I first visited Edmunds in her office behind Royce Hall in the spring. Moving crates lined the walls, and she seemed in continual motion, commuting between Manhattan and L.A., buzzing around the campus and around town. She had little time to put together a season and everything to learn about her new home.

"When I started, I was working at lightning speed," she says. "There was nothing, no inherited nothing, just the blinking cursor. But you don't walk into things and have absolutely no idea about what you want to do."

Earlier this month, we met again. She had finally unpacked and moved full time to L.A. with her two young sons and her partner, Australian dancer and choreographer Ros Warby. The 47-year-old Edmunds is friendly, focused and intense. She laughs easily, her laughs punctuating elaborately structured sentences and a formidably formal vocabulary. With her first season about to begin and scheduling for 2013-14 in full swing, she appears more, not less, of a whirlwind for what is essentially a one-woman show with only a small support staff. Yet she emanates the centered, curious calm of someone who manages her time closely.

Edmunds emphasizes that UCLA is back in the picture. The first sign of that, she notes, was when she was in discussion for the job, "because I didn't want to come in and have it be, so here's a person with a certain reputation who's here to close down the shop."

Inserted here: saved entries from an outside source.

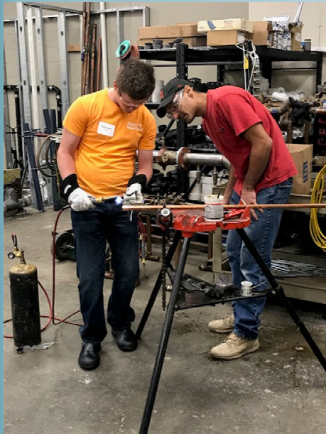
Student participating in a hands-on learning experience at a local apprenticeship program.

Iowa Vocational Rehabilitation Services (IVRS) works with students with barriers to employment by providing Pre-Employment Transition Services (Pre-ETS).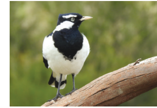
Magpie Lark Grallina cyanoleuca Size: 26-30cm Habitat: Diverse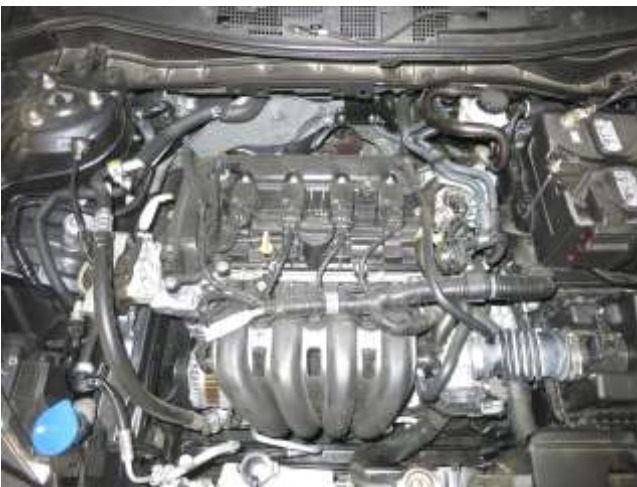
a. Carefully pull up on the engine cover and remove it.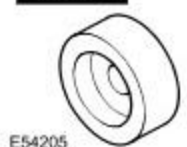
Remover rear differential rear bush 502-009/2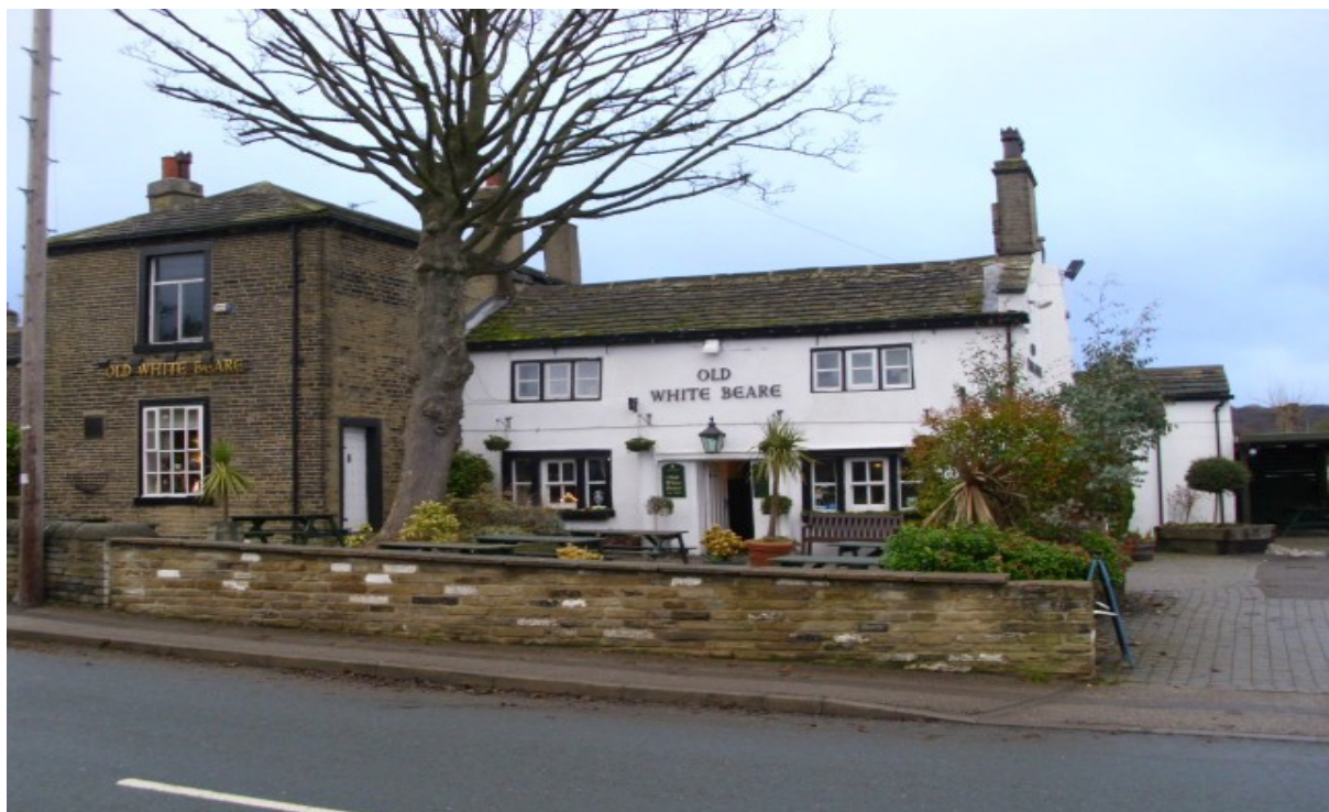
Old White Beare

At the top, go through a gate onto a rough lane. Turn right past a house to where a stile leads you along a path through the top of North Wood. At the end bear left through an opening into a field, where a small climb uphill towards a pylon, to a stile. Turn right and follow the wall side into a grassy lane leading to Middle Ox Heys Farm and the village street at Norwood Green .

"I always look at resources and expectations to see if they are in any form of alignment," she adds. "And rarely are they. But the other part of those resources, aside from direct financial contribution, is will, the will for art forms to be able to find footing, find an audience and thrive as part of the ethos of what this university is. Of that I have no question."

This means a return to significant and adventurous programming, she says, with an annual budget of nearly $3 million for presenting. "And while it's nowhere near the depth and scale that I'd love," Edmunds says with a sigh, "it's definitely a significant start, if not yet on the level that UCLA previously enjoyed." Sefton had been quoted as saying that he worked with around $9 million, but Edmunds said that was a misleading figure for comparison, because he was including significant operating costs and she was talking only about programming.

What's new with Edmunds is her hands-on development of major projects and her compulsion to bring students and the wider university community into art making. This impulse comes from her own background, having begun as a filmmaker and visual artist from the Pacific Northwest who took a job at the Portland Art Museum in Oregon in her early 20s and made it her business to begin, as she puts it, building a bridge between the artistic community and the institution.